Кира отшатнулась от кровати и прижалась к стене, глядя на него широко раскрытыми глазами.
— Этого никогда не будет! — почти выкрикнула она.
— Если ты уедешь, этого не будет точно.
— Что ты знаешь на самом деле?! — она не сводила глаз с его спокойного лица. Сейчас это было лицо насмешливого, жестокого незнакомца — возможно, даже, незнакомца опасного. — Почему ты говоришь мне такие вещи?! Почему ты сказал, что знаешь, как убили Владу, и узнаешь, кто это сделал?! Как ты можешь это узнать?! Тебе ведь известно больше, чем ты рассказал!
— И я приложу все усилия, чтоб тебе это известно не стало, уж поверь мне, — ровно ответил Вадим, вставая. — А такие вещи я говорю тебе, чтобы ты была осторожна. И все прочие мои слова остаются в силе. Не ходи одна с начала сумерек, пока я не позволю! И никому не рассказывай о том, что ты видишь на своих стенах — особенно им, — он кивнул в сторону открытого окна.
— Ты сумасшедший, — хрипло произнесла Кира, отвернулась и прижалась щекой к стене. Помолчала, виском чувствуя его острый, пронзительный взгляд, потом едва слышно шепнула:
— Вика пропала...
— Что?! — Вадим подскочил к ней, схватил за плечи и развернул, прижав спиной к стене. — Твоя подружка?! Та рыжая?! А ну, быстро рассказывай!

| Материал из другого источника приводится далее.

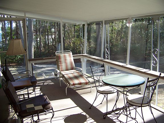 Screened Porch and Covered Deck!All contents included; Exposed beams in Living Room; built-in hutch; all appliances including washer and dryer; shingled roof; walk-in shower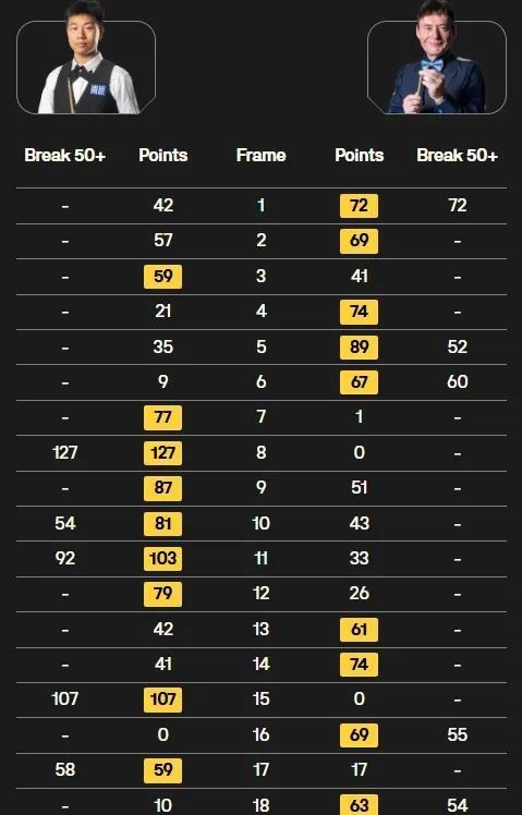 斯诺克赛场从来不缺乏奇迹,但经验的沉淀同样是无形的财富。全场比赛的技术统计完美印证了这是一场高水平的高能对轰。高阳在进攻端展现出了极其火爆的手感,狂轰两杆破百(127分、107分)以及三杆50+(54分、92分、58分),单杆杀伤力十足。而63岁的怀特则用行动证明了“白旋风”的底蕴犹存,他在长局制中凭借深厚的走位细腻度,同样回敬了五杆50+(72分、52分、60分、55分、54分)。两位球员联手奉献了十杆高分,让这场资格赛打出了正赛的质感。

— Я... — она зло прищурилась и попыталась вырваться, но он не дал. Его глаза стали страшными и невероятно старыми, и где-то в их глубине, словно зарница далекой грозы, блеснуло что-то, очень похожее на отчаянный ужас.
— Говори! Это важно!
— Тебе-то что в этом?! Она не... — Кира снова рванулась, и Вадим внезапно отпустил ее и шагнул назад, держа перед собой раскрытые ладони, потом опустил руки.
— К квартире это не имеет отношения, можешь успокоиться! Да и не может иметь... ведь бабка умерла!
— Да, так и... — он осекся, и на его лице мелькнула растерянность. — Но рассказать-то ты можешь?
— Зачем тебе теперь мои проблемы?
— Это не только твои проблемы, Кира.
Она холодно взглянула на него, глубоко вздохнула, пытаясь успокоиться, после чего ровным, отстраненным голосом рассказала о своем визите в милицию. Упоминать об истинной причине ссоры с Викой, а также о жутком состоянии Стаса в тот вечер, Кира не стала, решив, что Князев сделает из этого неправильные выводы, которые — кто знает? — могут оказаться опасными и для нее, и для брата.
— Так, что, сам видишь, — закончила она и с удивлением почувствовала, что уже совершенно успокоилась. Даже больше — какое-то апатичное равнодушие окутало ее, отодвинув куда-то и кошмарные события сегодняшнего вечера, и исчезновение подруги, и самого Вадима, который смотрел на нее и качал головой.